After a completely inelastic collision, two objects of the same mass and same initial speed are found to move away together at 1/5 their initial speed. Find the angle between the initial velocities of the objects.
To find the angle between the initial velocities of the objects after the collision, we can use the conservation of momentum and the conservation of kinetic energy.
In an inelastic collision, the objects stick together and move as one unit after the collision. This means that the total momentum before the collision is equal to the total momentum after the collision.

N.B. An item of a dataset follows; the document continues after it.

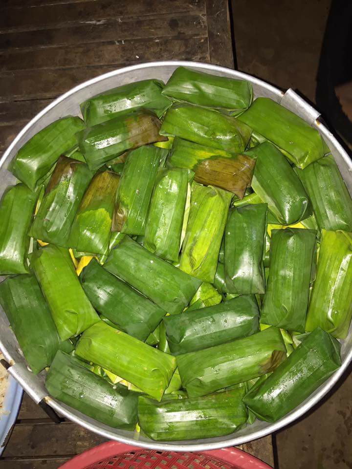 ៦. ពេលដែលវេចរួចយកវាទៅដាក់ចំហុយប្រហែលជា ៣០-៤០នាទីឆ្អិនជាការស្រេច ៕

Let's denote the initial velocities of the two objects as v₁ and v₂, and their final velocity together as v.
According to the conservation of momentum:
m₁v₁ + m₂v₂ = (m₁ + m₂)v
Since the two objects have the same mass (m₁ = m₂), this equation simplifies to:
v₁ + v₂ = 2v
Now, let's use the conservation of kinetic energy. In an inelastic collision, some kinetic energy is lost due to the deformation or other factors. The kinetic energy is given by the formula: K.E. = 0.5 * mass * velocity^2.
The initial kinetic energy before the collision is:
K.E.₁ = 0.5 * m₁ * v₁^2 + 0.5 * m₂ * v₂^2
The final kinetic energy after the collision is:
K.E.₂ = 0.5 * (m₁ + m₂) * v^2
Since the objects move away together at 1/5 their initial speed, the final kinetic energy can be expressed as:
K.E.₂ = 0.5 * (m₁ + m₂) * (1/5)^2 * (v₁^2 + v₂^2)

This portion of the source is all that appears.